Temasek stocks portfolio also affect about 15% of STI index stocks, which has strong impact on Singapore stock market. Here are 30 STI component stocks:
DBS Bank (SGX: D05), Singtel (SGX: Z74), OCBC Bank (SGX: O39), UOB Bank (SGX: U11), Wilmar International (SGX: F34), Jardine Matheson Holdings JMH (SGX: J36), Jardine Strategic Holdings JSH (SGX: J37), Thai Beverage (SGX: Y92), CapitaLand (SGX: C31), Ascendas Reit (SGX: A17U), Singapore Airlines (SGX: C6L), ST Engineering (SGX: S63), Keppel Corp (SGX: BN4), Singapore Exchange (SGX: S68), HongkongLand (SGX: H78), Genting Singapore (SGX: G13), Mapletree Logistics Trust (SGX: M44U), Jardine Cycle & Carriage (SGX: C07), Mapletree Industrial Trust (SGX: ME8U), City Development (SGX: C09), CapitaLand Mall Trust (SGX: C38U), CapitaLand Commercial Trust (SGX: C61U), Mapletree Commercial Trust (SGX: N2IU), Dairy Farm International (SGX: D01), UOL (SGX: U14), Venture Corporation (SGX: V03), YZJ Shipbldg SGD (SGX: BS6), Sembcorp Industries (SGX: U96), SATS (SGX: S58), ComfortDelGro (SGX: C52).

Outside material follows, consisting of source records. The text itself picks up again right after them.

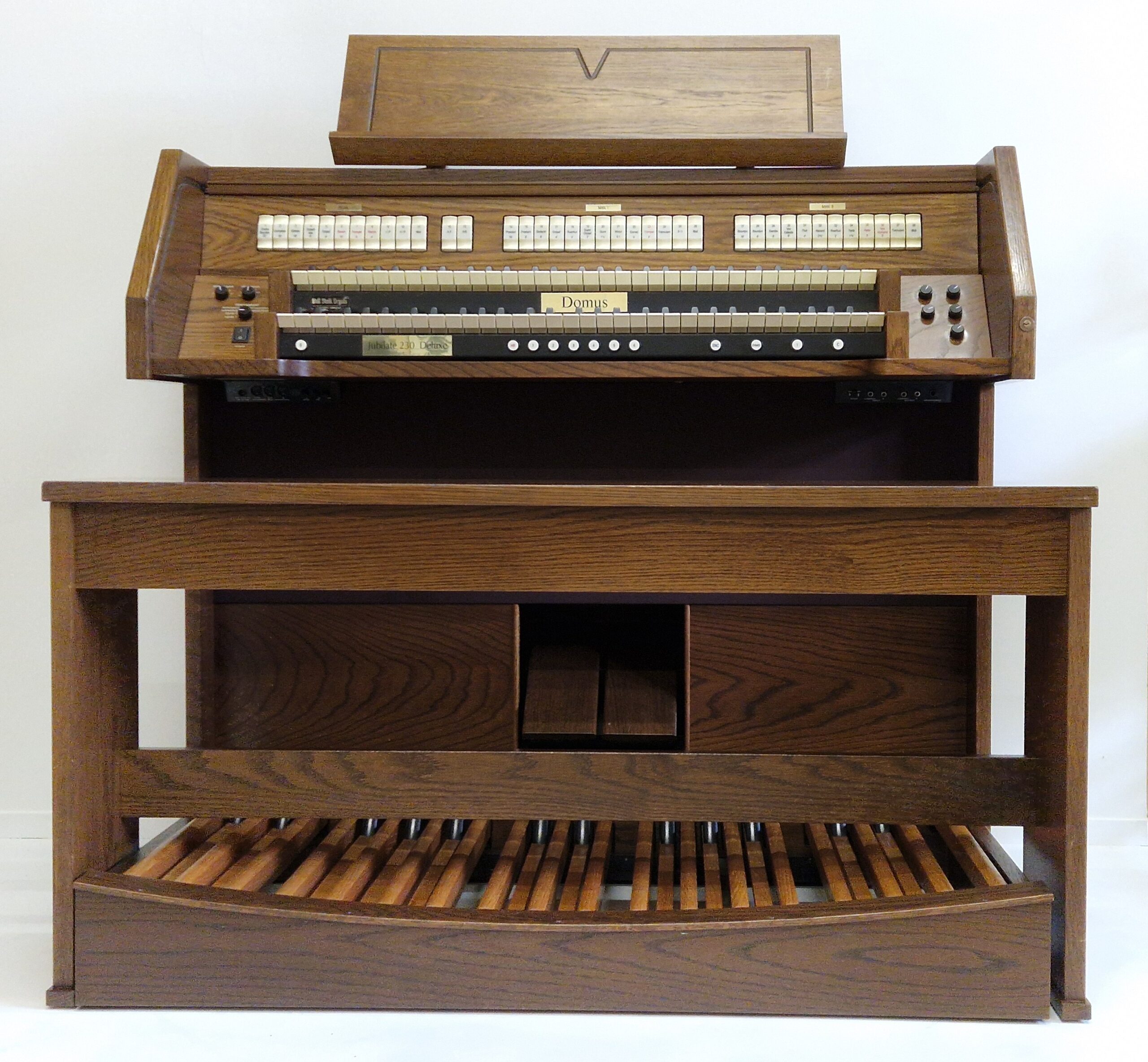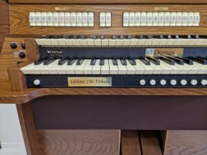 Zoekt u een mooi compleet digitaal klassiek orgel? Dan is deze goed onderhouden Domus Jubilate 230 een orgel voor u. Dit instrument, uitgevoerd in donker eiken; beschikt over 30-tonig concaaf pedaal. Met een 28-stemmige dispositie te bespelen in de klankstijl romantisch, volledig te personaliseren; kortom: een brede variëteit in klankmogelijkheden. Het orgel heeft zelfs een mooie orkestrale stem op het Hoofdwerk/onderklavier, de Chimes of het “Klokkenspel”, een erg mooi geïntoneerde en toepasselijke optie om eens mee te leren spelen.
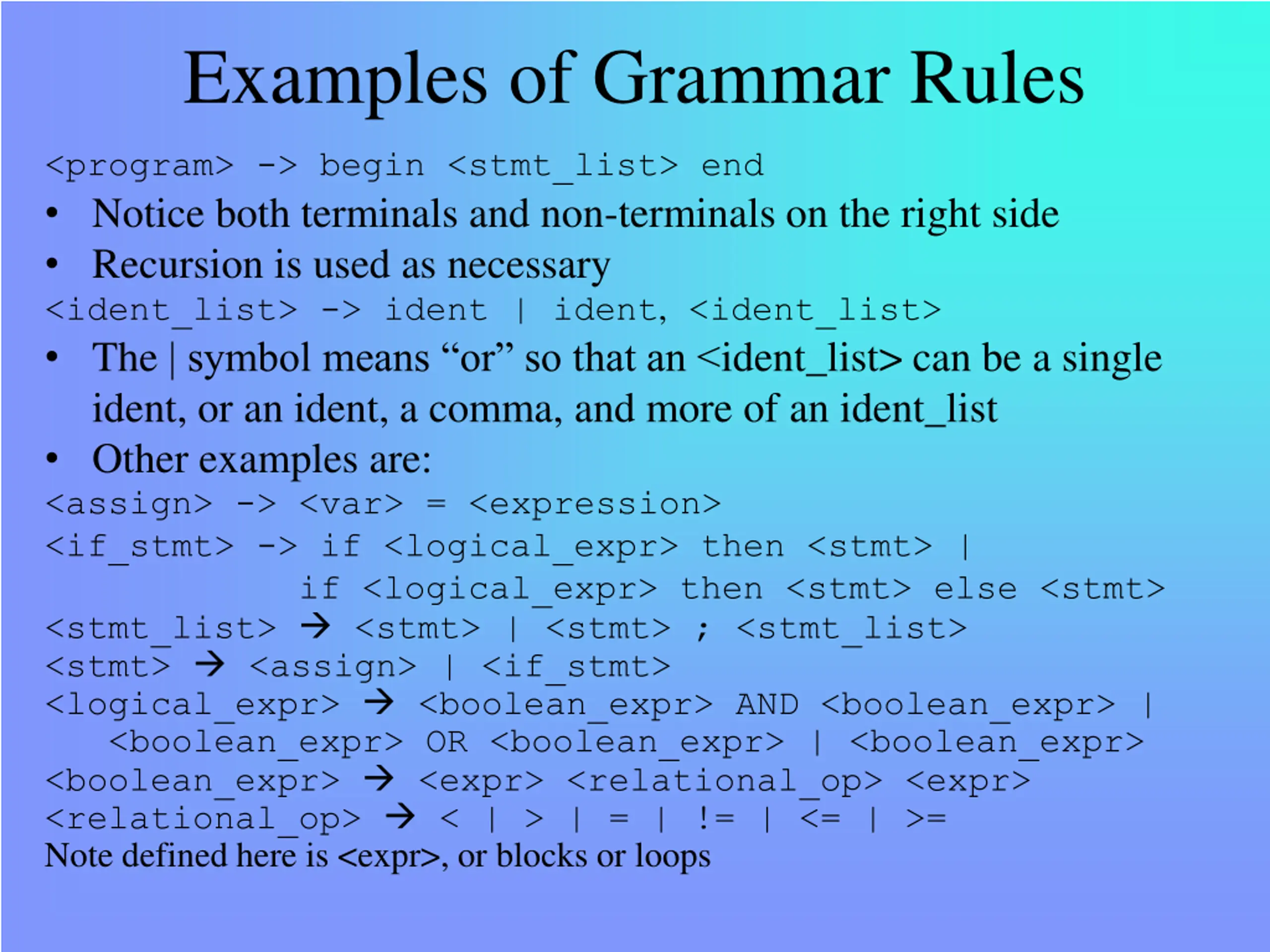Examples of Grammar Rules <program> -> begin <stmt_list> end Notice both terminals and non-terminals on the right side Recursion is used as necessary <ident_list> -> ident | ident, <ident_list> The | symbol means or so that an <ident_list> can be a single ident, or an ident, a comma, and more of an ident_list Other examples are: <assign> -> <var> = <expression> <if_stmt> -> if <logical_expr> then <stmt> | if <logical_expr> then <stmt> else <stmt> <stmt_list> <stmt> | <stmt> ; <stmt_list> <stmt> <assign> | <if_stmt> <logical_expr> <boolean_expr> AND <boolean_expr> | <boolean_expr> OR <boolean_expr> | <boolean_expr> <boolean_expr> <expr> <relational_op> <expr> <relational_op> < | > | = | != | <= | >= Note defined here is <expr>, or blocks or loops
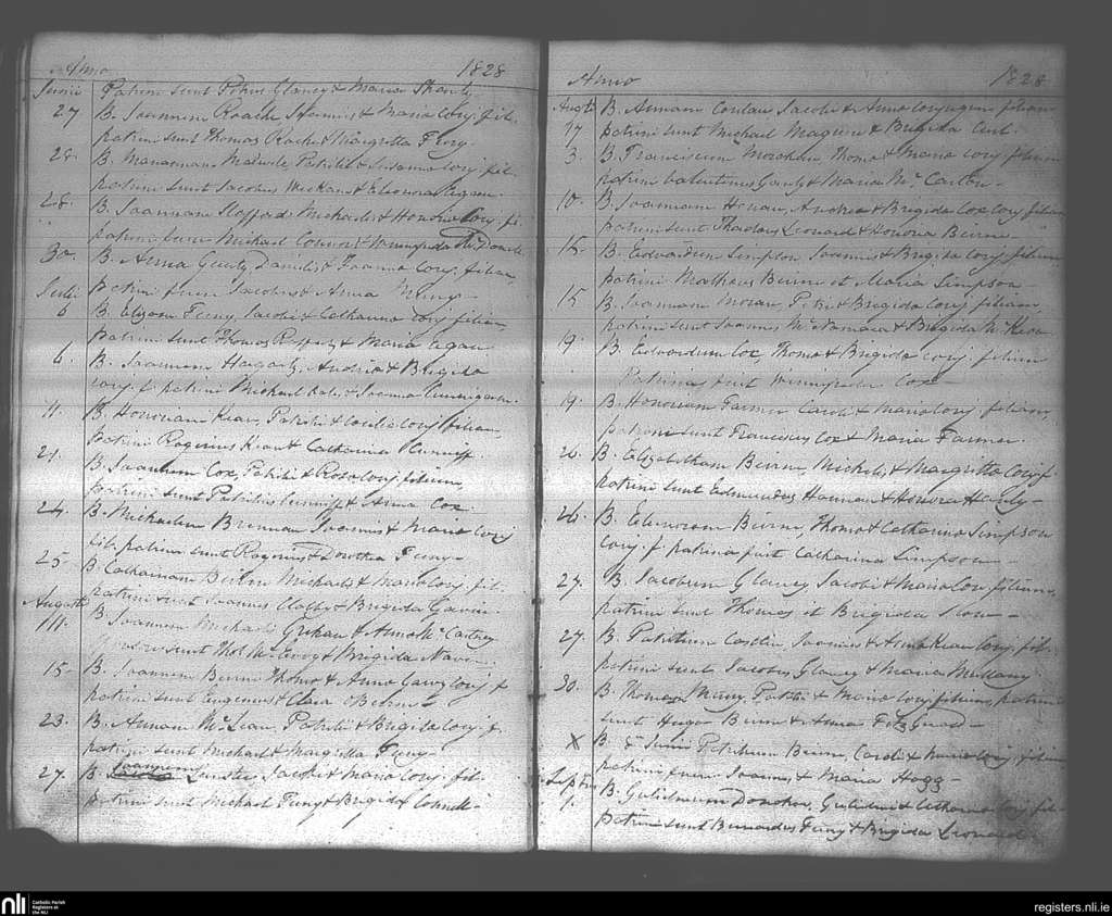 Aughrim; County of Roscommon; Diocese of Elphin. Baptisms, June 1828 to Sep. 1828
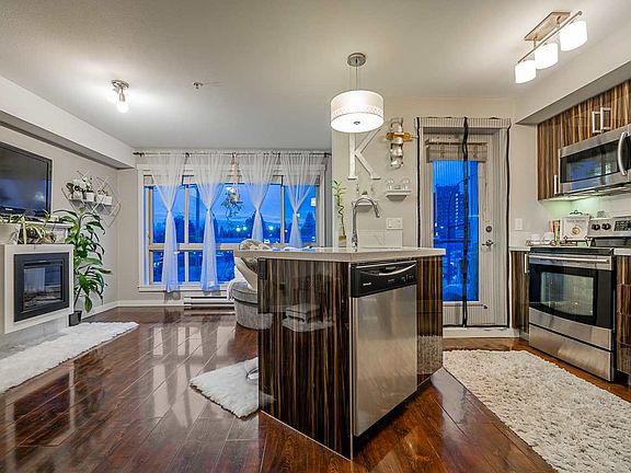 One bedroom condo in 223 North features quartz counters, stainless steel appliances, front-loading washer and dryer, cozy electric fireplace, and sunny west-facing balcony! Enjoy beautiful views of Fraser River on the rooftop patio. Downtown living provides you the conveniences of being within walking distance to shopping, restaurants, recreation center and The ACT (Arts Centre and Theatre), Farmer's Market during the summer, transit and West Coast Express - incredible 92/100 walkscore! One of the only units with parking space. Great opportunity for first time home buyers and investors!
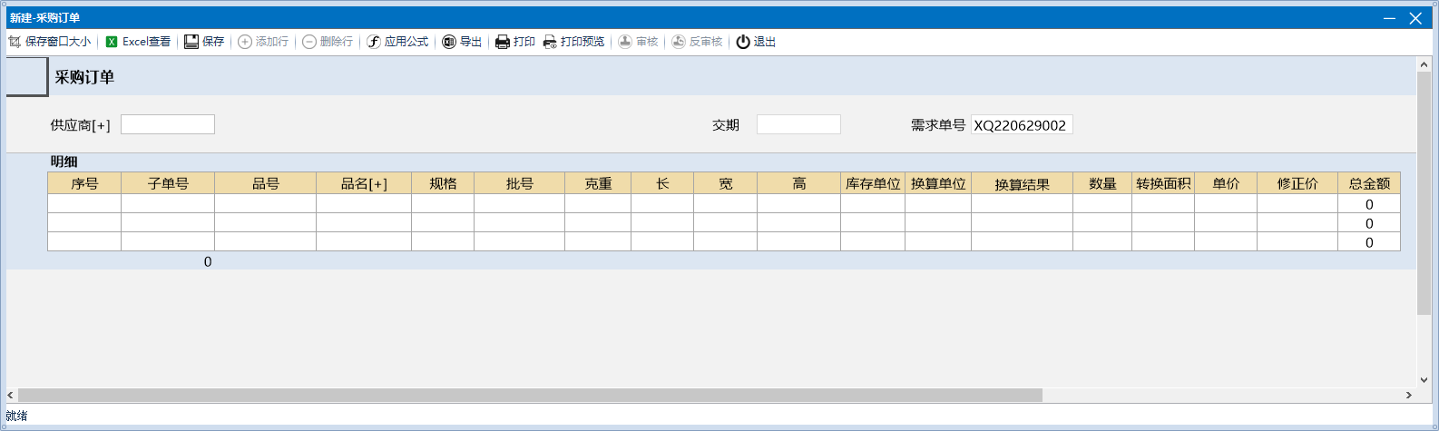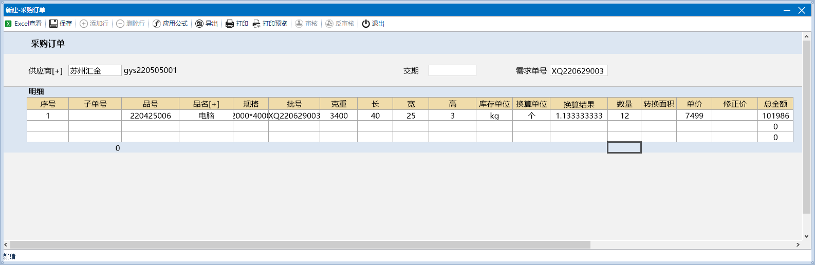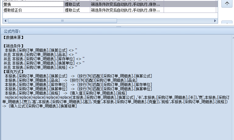 根据品号去匹配计算公式模板中维护的换算公式,将公式提取到采购订单中
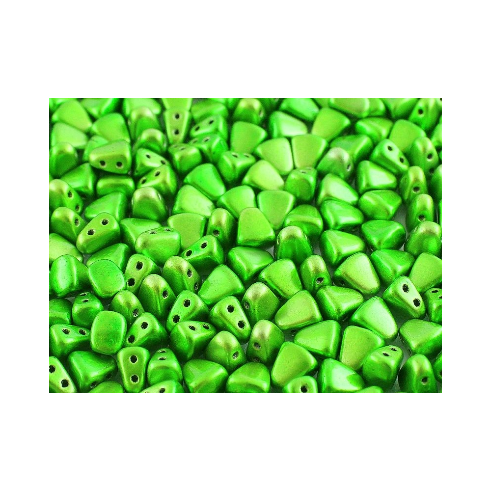 Matubo™ Nib-Bit představují moderní pojetí geometrie s rozměry 6x5 mm, které díky svému klínovitému tvaru dokonale zapadají do kruhových i prostorových motivů. Specifický design s dvěma otvory o průměru 0,8 mm otevírá prostor pro precizní beadweaving, kde je vyžadována maximální přesnost a souměrnost každého detailu. Sytá barva Metalust Apple Green s kovovým odleskem dodává výslednému dílu hloubku a moderní, svěží charakter.
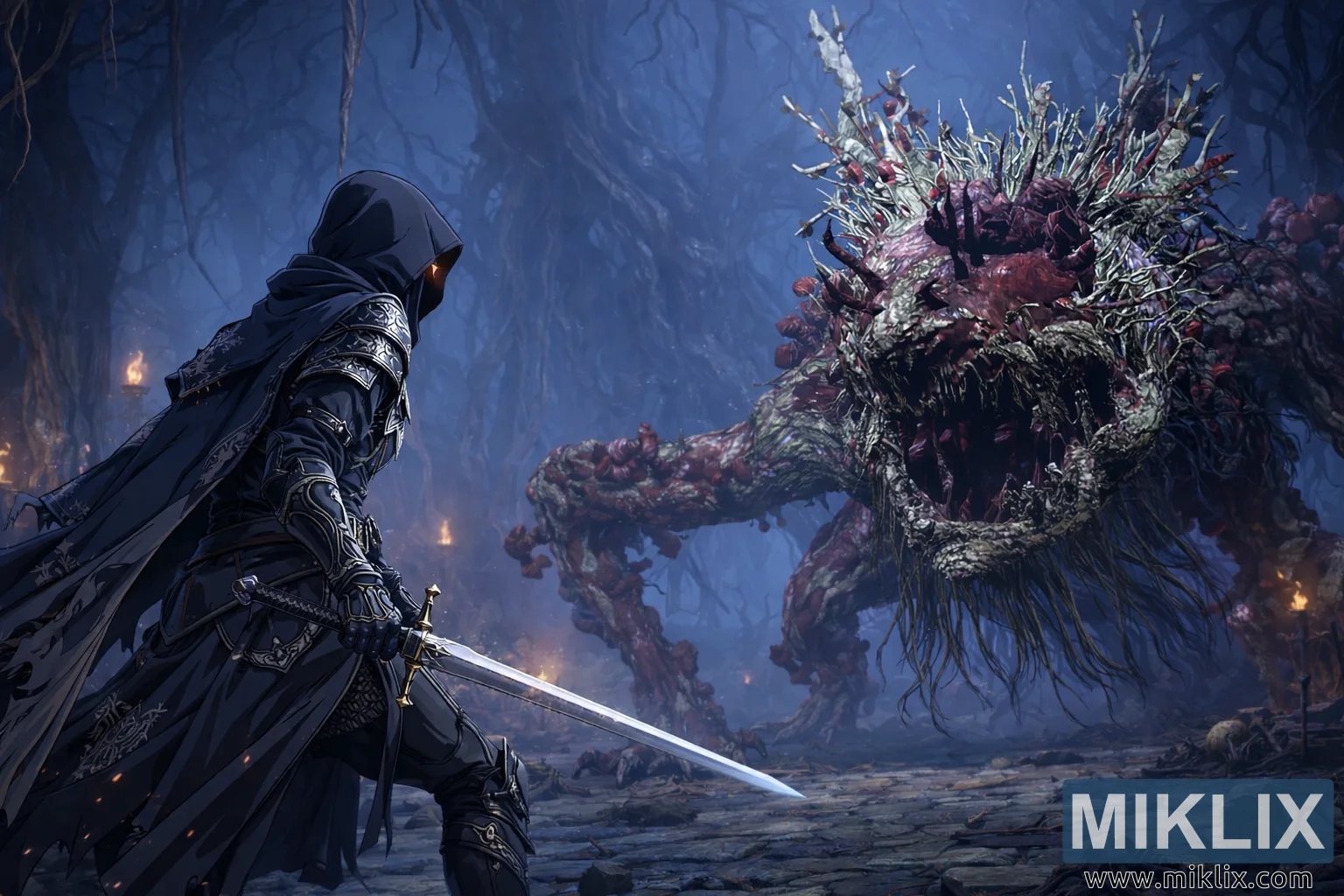 सामने, बाईं ओर, टार्निश्ड खड़े हैं। पीछे से और थोड़ा प्रोफ़ाइल में देखने पर, उनका शरीर ब्लैक नाइफ़ आर्मर सेट में लिपटा हुआ है, जिस पर चिकने कंटूर और सजावटी सिल्वर नक्काशी है। आर्मर के गहरे, हल्के रंग आस-पास की ज़्यादातर रोशनी सोख लेते हैं, जिससे टार्निश्ड की परछाई जैसी, हत्यारे जैसी मौजूदगी और बढ़ जाती है। उनके सिर पर एक हुड है, जो चेहरे के फीचर्स को छिपाता है और उनकी पहचान को और पक्का करता है, जबकि आर्मर के किनारों पर हल्की हाइलाइट्स घिसे हुए मेटल और अनगिनत पिछली लड़ाइयों का इशारा करती हैं। टार्निश्ड अपने दाहिने हाथ में एक सीधी तलवार पकड़े हुए हैं, ब्लेड नीचे की ओर झुका हुआ है लेकिन तैयार है, इसकी पॉलिश की हुई सतह हल्की टॉर्च की रोशनी को पकड़ रही है। उनका रुख नपा-तुला और सोचा-समझा है—घुटने मुड़े हुए, कंधे सीधे, वज़न बैलेंस्ड—बिना किसी गुस्से के तैयारी दिखा रहा है, जैसे कि टार्निश्ड हमला करने से पहले ज़रा से उकसावे का इंतज़ार कर रहा हो।
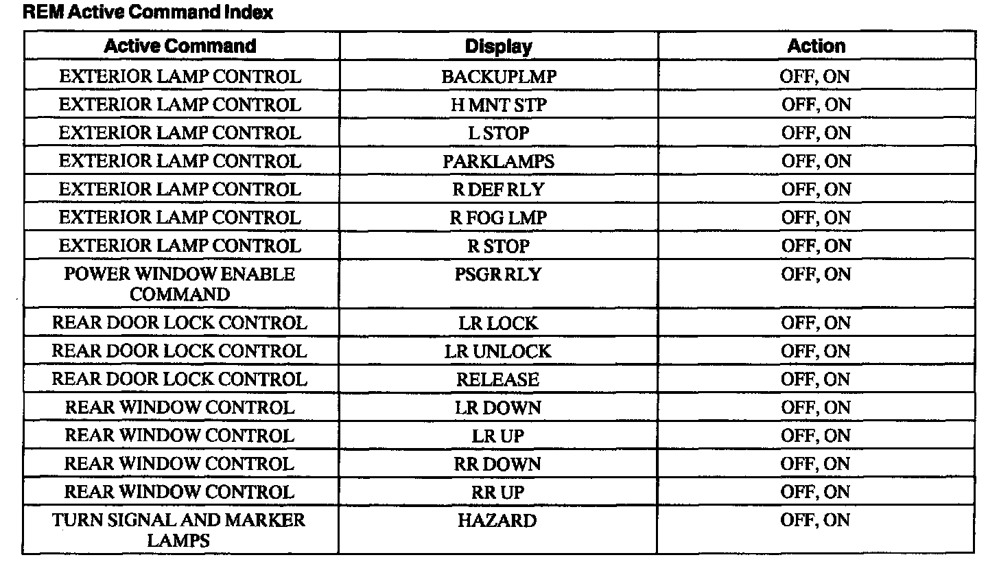 Rear Electronic Module (REM) Active Command Index
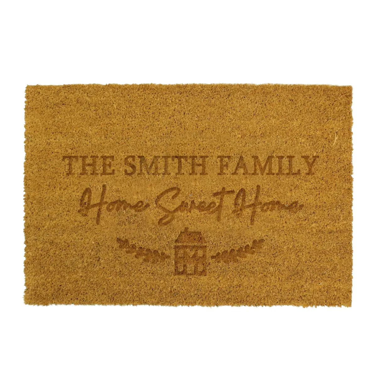 This coir, non-slip rectangle doormat can be personalised with a message over 1 line up to 20 characters above the fixed text 'Home Sweet Home'

At the same time, over the past 1 year, there are 4 major corporate actions in these Temasek stocks which worth review here.

1) Keppel Corp (SGX: BN4)

– Abandon of Partial Acquisition by Temasek

The partial acquisition offer by Temasek (increase ownership of Keppel Corp to 51% at price of $7.35/share) was initiated before COVID-19 stock crisis. Under this unprecedented health crisis, global stock market suffers 30-50% correction. Therefore, it does not make sense for Temasek to acquire Keppel Corp at premium price before COVID-19 crisis. 

Keppel Corp was making loss in Q2/2020, providing an option for Temasek to withdraw the acquisition as cash or capital may be more critical for other Temasek stocks during this period of uncertainty. Temasek could also use the money for other better investment, eg. recently increase stake in BlackRock (NYSE: BLK), a giant fund stock with $4.8B which is clearly stronger than Keppel Corp.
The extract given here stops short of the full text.